[Entries taken from a collection]
************
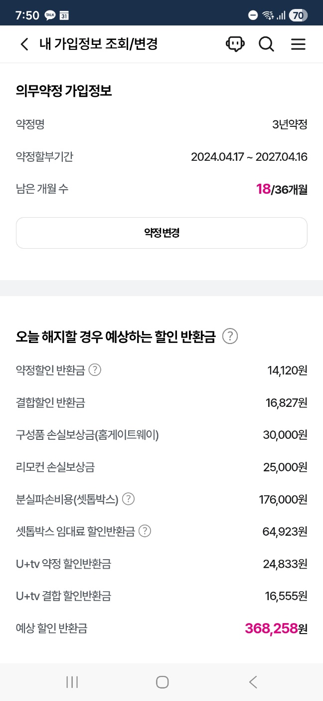 3. 인터넷+IPTV+스마트홈 3개 합쳐서 41500원 나오는데 안쓰는걸 해지하는게 나은지, 위약금 내느니 그냥 유지하는게 나은지 궁금합니다
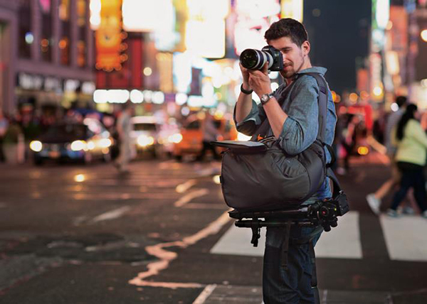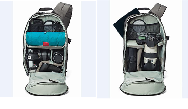 Auch hier funktioniert der schnelle Zugriff über die Seite: der rechte Schultergurt wird einfach abgestreift und die Tasche über den linken Gurt nach vorne gezogen. Eine Trennwand unterteilt den Innenbereich in zwei Fächer. Unten wird die Kameraausrüstung verstaut und oben ist Platz für persönliche Gegenstände und Zubehör, wie Smartphone, Objektivdeckel, Kabel, Speicherkarten. Die Trennwand lässt sich wegklappen und durch eine Kamerahalterung ersetzen. Beide Modelle verfügen an ihren Außenseiten über eine Stativhalterung. Ein weiteres Fach auf der Rückseite bietet bei der Sling-Variante Platz für einen 10“ Tablet PC und bei dem Rucksack für ein 15“ Notebook.
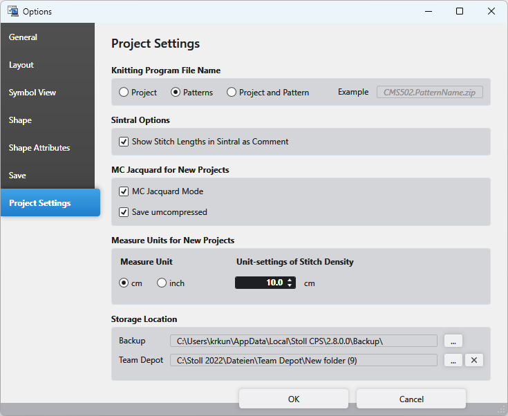 Den Pfad für einen Ordner im Netzwerk oder der Cloud, zur Speicherung der Strickelemente auswählen.
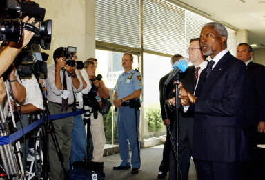 由于聯(lián)合國(guó)駐伊拉克辦事處19日遭汽車炸彈襲擊,安南決定立即中止在芬蘭的休假返回聯(lián)合國(guó)總部。他在斯德哥爾摩作短暫停留時(shí)舉行的記者招待會(huì)上說,無論是對(duì)聯(lián)合國(guó),還是對(duì)伊拉克或整個(gè)國(guó)際社會(huì),這都是一個(gè)“黑色的星期二”,“但我們將繼續(xù)我們的工作,至少我們有責(zé)任不能讓在炸彈襲擊事件中死亡的人白白地犧牲”。
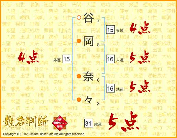 谷(7画)岡(8画) 奈(8画)々(8画)
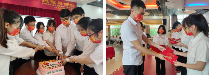 一场政治生日。学院精心准备了蛋糕送给毕业生党员,老师们也为各位毕业生党员送上一份特殊的政治生日贺卡、刻有校训的签字笔以及红色书签,希望毕业生党员在未来的征途上也能铭记历史,加上学习,谨记校训,仰望星空,脚踏实地。
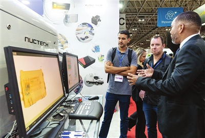 同方威视技术股份有限公司展台的工作人员介绍一款安保产品。 新华社发
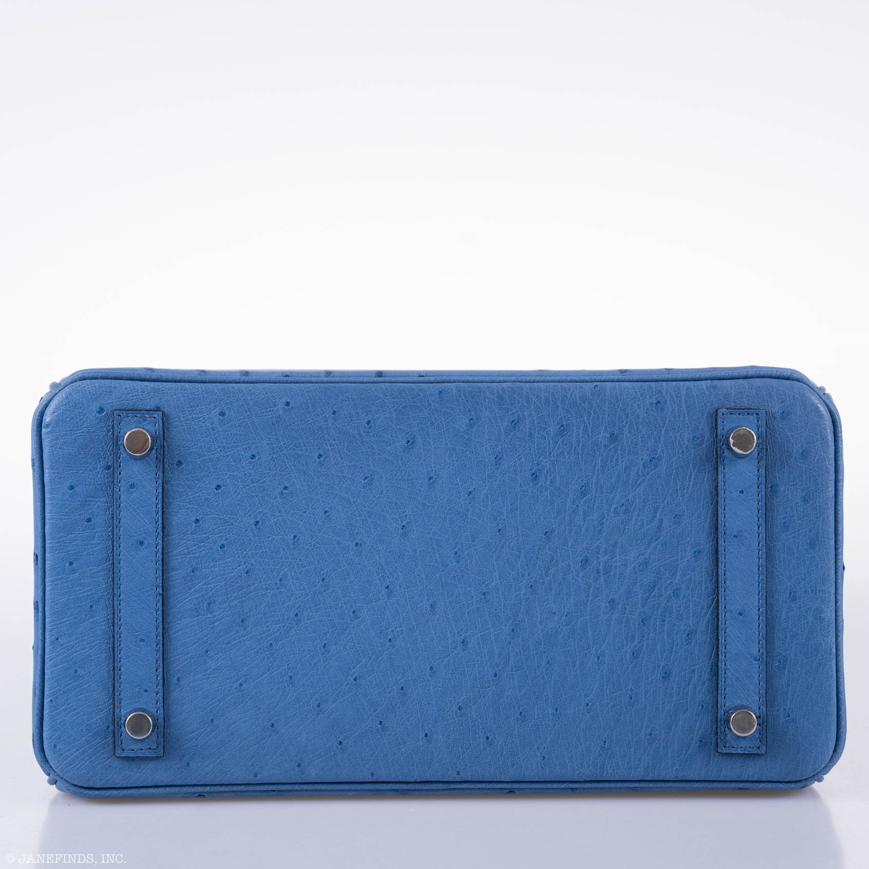 While  Hermès Birkin bags are considered the rarest and most desirable bags in the world, among Birkins, exotic examples are considered even more so. One example of rare exotic skins  Hermès uses to make Birkins is Ostrich, which features a unique pattern of dots made from the bird’s feathers.  Hermès produces Ostrich bags in few numbers, and takes special care when deciding which colors to use. This example, done in bright blue Mykonos Ostrich is a striking example that has been kept in store fresh condition. Paired with Palladium hardware, it is a unique vision that is guaranteed to stand out among other Birkins.
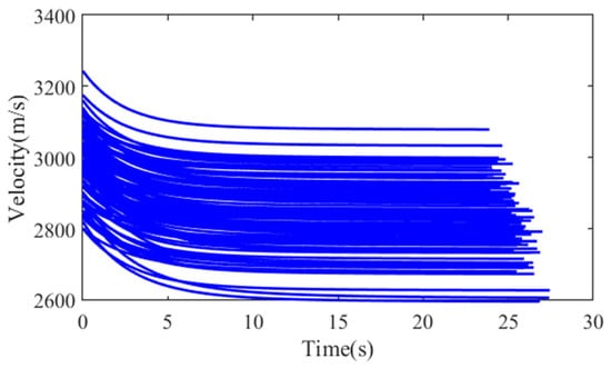 Figure 22, Figure 23, Figure 24, Figure 25, Figure 26 and Figure 27 show the simulation results in dispersed cases. Figure 22 displays the trajectories in dispersed cases, where the blue lines denote the trajectories of vehicles and the black dash lines denote that of the targets. Figure 23 and Figure 27 show the commanded acceleration profiles can converge to zero finally in dispersed cases. Figure 24 and Figure 26 show sufficiently small miss distance and impact angle errors, which indicates that the guidance with the impact position and impact angle constraints can be achieved. Figure 25 shows the velocity profiles in dispersed cases.
************
Because the pictures are not wanted, retype only the text of every record, exactly as given.

 3. 인터넷+IPTV+스마트홈 3개 합쳐서 41500원 나오는데 안쓰는걸 해지하는게 나은지, 위약금 내느니 그냥 유지하는게 나은지 궁금합니다
 Auch hier funktioniert der schnelle Zugriff über die Seite: der rechte Schultergurt wird einfach abgestreift und die Tasche über den linken Gurt nach vorne gezogen. Eine Trennwand unterteilt den Innenbereich in zwei Fächer. Unten wird die Kameraausrüstung verstaut und oben ist Platz für persönliche Gegenstände und Zubehör, wie Smartphone, Objektivdeckel, Kabel, Speicherkarten. Die Trennwand lässt sich wegklappen und durch eine Kamerahalterung ersetzen. Beide Modelle verfügen an ihren Außenseiten über eine Stativhalterung. Ein weiteres Fach auf der Rückseite bietet bei der Sling-Variante Platz für einen 10“ Tablet PC und bei dem Rucksack für ein 15“ Notebook.
 Den Pfad für einen Ordner im Netzwerk oder der Cloud, zur Speicherung der Strickelemente auswählen.
 由于聯(lián)合國(guó)駐伊拉克辦事處19日遭汽車炸彈襲擊,安南決定立即中止在芬蘭的休假返回聯(lián)合國(guó)總部。他在斯德哥爾摩作短暫停留時(shí)舉行的記者招待會(huì)上說,無論是對(duì)聯(lián)合國(guó),還是對(duì)伊拉克或整個(gè)國(guó)際社會(huì),這都是一個(gè)“黑色的星期二”,“但我們將繼續(xù)我們的工作,至少我們有責(zé)任不能讓在炸彈襲擊事件中死亡的人白白地犧牲”。
 谷(7画)岡(8画) 奈(8画)々(8画)
 一场政治生日。学院精心准备了蛋糕送给毕业生党员,老师们也为各位毕业生党员送上一份特殊的政治生日贺卡、刻有校训的签字笔以及红色书签,希望毕业生党员在未来的征途上也能铭记历史,加上学习,谨记校训,仰望星空,脚踏实地。
 同方威视技术股份有限公司展台的工作人员介绍一款安保产品。 新华社发
 While  Hermès Birkin bags are considered the rarest and most desirable bags in the world, among Birkins, exotic examples are considered even more so. One example of rare exotic skins  Hermès uses to make Birkins is Ostrich, which features a unique pattern of dots made from the bird’s feathers.  Hermès produces Ostrich bags in few numbers, and takes special care when deciding which colors to use. This example, done in bright blue Mykonos Ostrich is a striking example that has been kept in store fresh condition. Paired with Palladium hardware, it is a unique vision that is guaranteed to stand out among other Birkins.
 Figure 22, Figure 23, Figure 24, Figure 25, Figure 26 and Figure 27 show the simulation results in dispersed cases. Figure 22 displays the trajectories in dispersed cases, where the blue lines denote the trajectories of vehicles and the black dash lines denote that of the targets. Figure 23 and Figure 27 show the commanded acceleration profiles can converge to zero finally in dispersed cases. Figure 24 and Figure 26 show sufficiently small miss distance and impact angle errors, which indicates that the guidance with the impact position and impact angle constraints can be achieved. Figure 25 shows the velocity profiles in dispersed cases.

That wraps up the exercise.